◆ **Required work**
Please retype the records below exactly, leaving out any pictures.

◆ **Collected data**
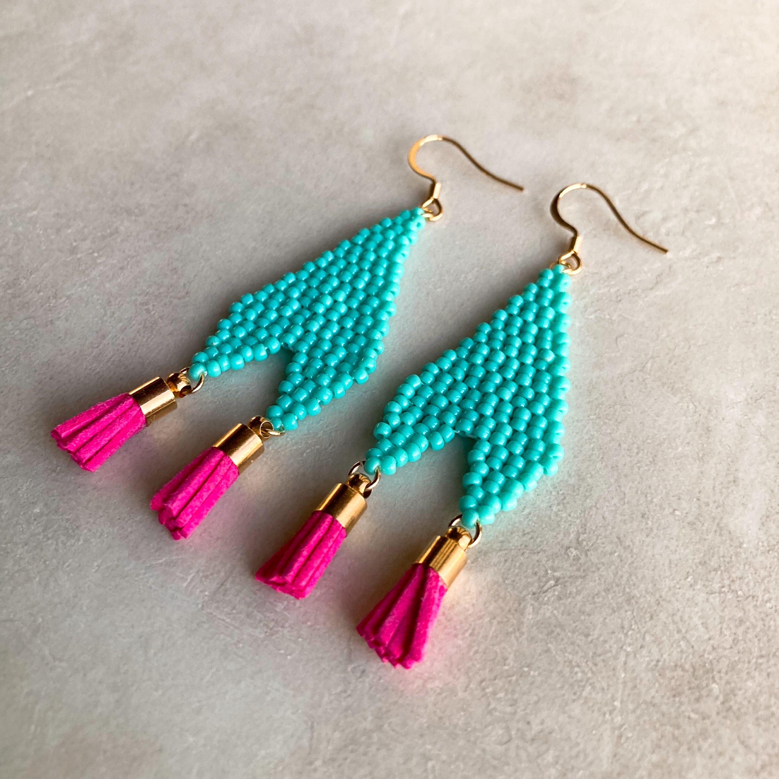 国産のガラスビーズを一粒一粒丁寧に編み込み、小さめのタッセルを2つずつ付けました。
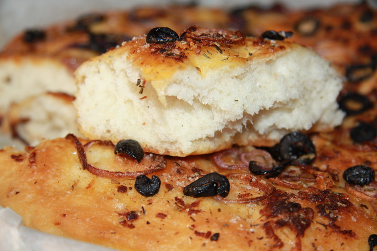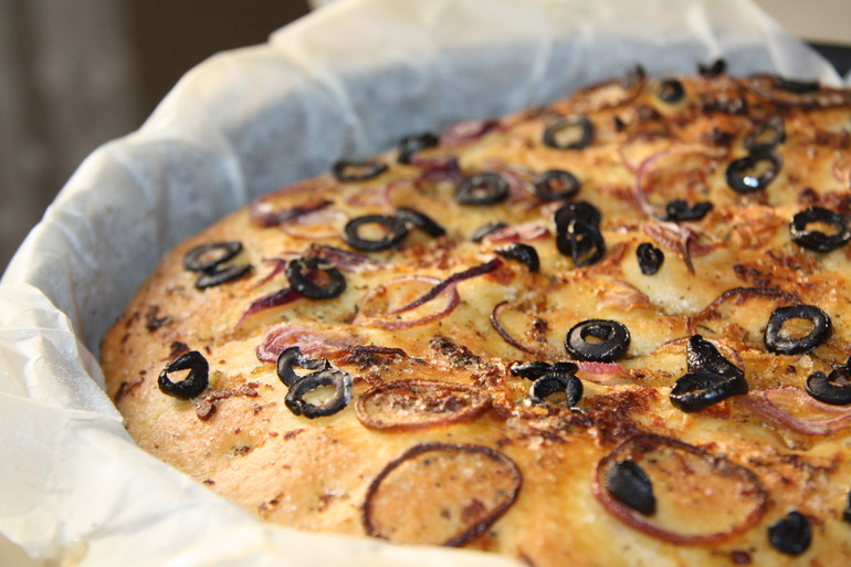 | Сегодня испекла на ужин: Фокача с красным луком и оливками.
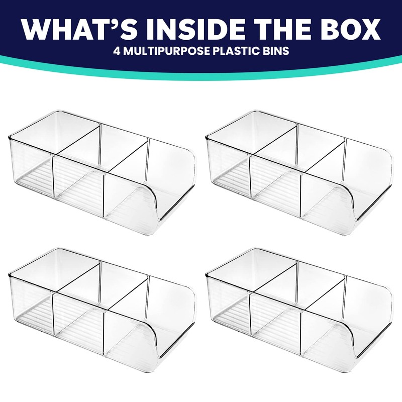 ELTOW 4 Pack Snack Organizer for Pantry, 3 Compartment Plastic Pantry Organizer Bins with Removable Dividers, Chip Organizer for Pantry, Food Packets, Spices, Condiments, Fridge, Cabinet, Kitchen
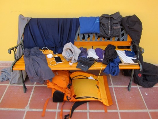Según Hyde, despojarse de sus posesiones a su mínima expresión no fue tan fácil. "Empecé con mis prendas de vestir: 2 camisas, 1 par de pantalones, 1 short, 1 par de sandalias, un par de gafas de sol y ropa interior. Añadí unas cuantas cosas que pensé que eran imprescindibles para mí como un iPad y la cámara. Añadido una mochila, un kit de baño, una toalla y un par de cosas al azar (bolígrafo, cable de conexión, cargadores) y probé. Después de cinco semanas de viaje, había más cosas que no usaba en mi bolso que las que realmente usaba. "
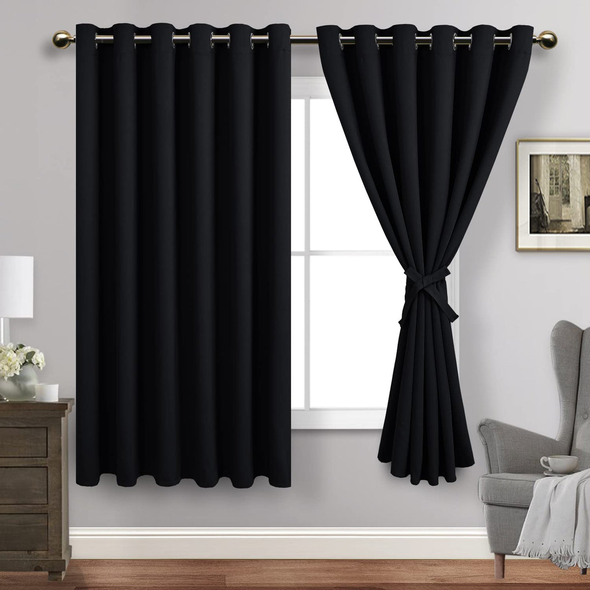 Jiuzhen Black Blackout Curtains With Tiebacks - Thermal Insulated, Light Blocking And Noise Reducing Grommet Curtains For Bedroom And Living Room, Set Of 2 Window Curtain Panels, 70 X 63 Inch Length

◆ **Exercise answer**
 国産のガラスビーズを一粒一粒丁寧に編み込み、小さめのタッセルを2つずつ付けました。
 | Сегодня испекла на ужин: Фокача с красным луком и оливками.
 ELTOW 4 Pack Snack Organizer for Pantry, 3 Compartment Plastic Pantry Organizer Bins with Removable Dividers, Chip Organizer for Pantry, Food Packets, Spices, Condiments, Fridge, Cabinet, Kitchen
Según Hyde, despojarse de sus posesiones a su mínima expresión no fue tan fácil. "Empecé con mis prendas de vestir: 2 camisas, 1 par de pantalones, 1 short, 1 par de sandalias, un par de gafas de sol y ropa interior. Añadí unas cuantas cosas que pensé que eran imprescindibles para mí como un iPad y la cámara. Añadido una mochila, un kit de baño, una toalla y un par de cosas al azar (bolígrafo, cable de conexión, cargadores) y probé. Después de cinco semanas de viaje, había más cosas que no usaba en mi bolso que las que realmente usaba. "
 Jiuzhen Black Blackout Curtains With Tiebacks - Thermal Insulated, Light Blocking And Noise Reducing Grommet Curtains For Bedroom And Living Room, Set Of 2 Window Curtain Panels, 70 X 63 Inch Length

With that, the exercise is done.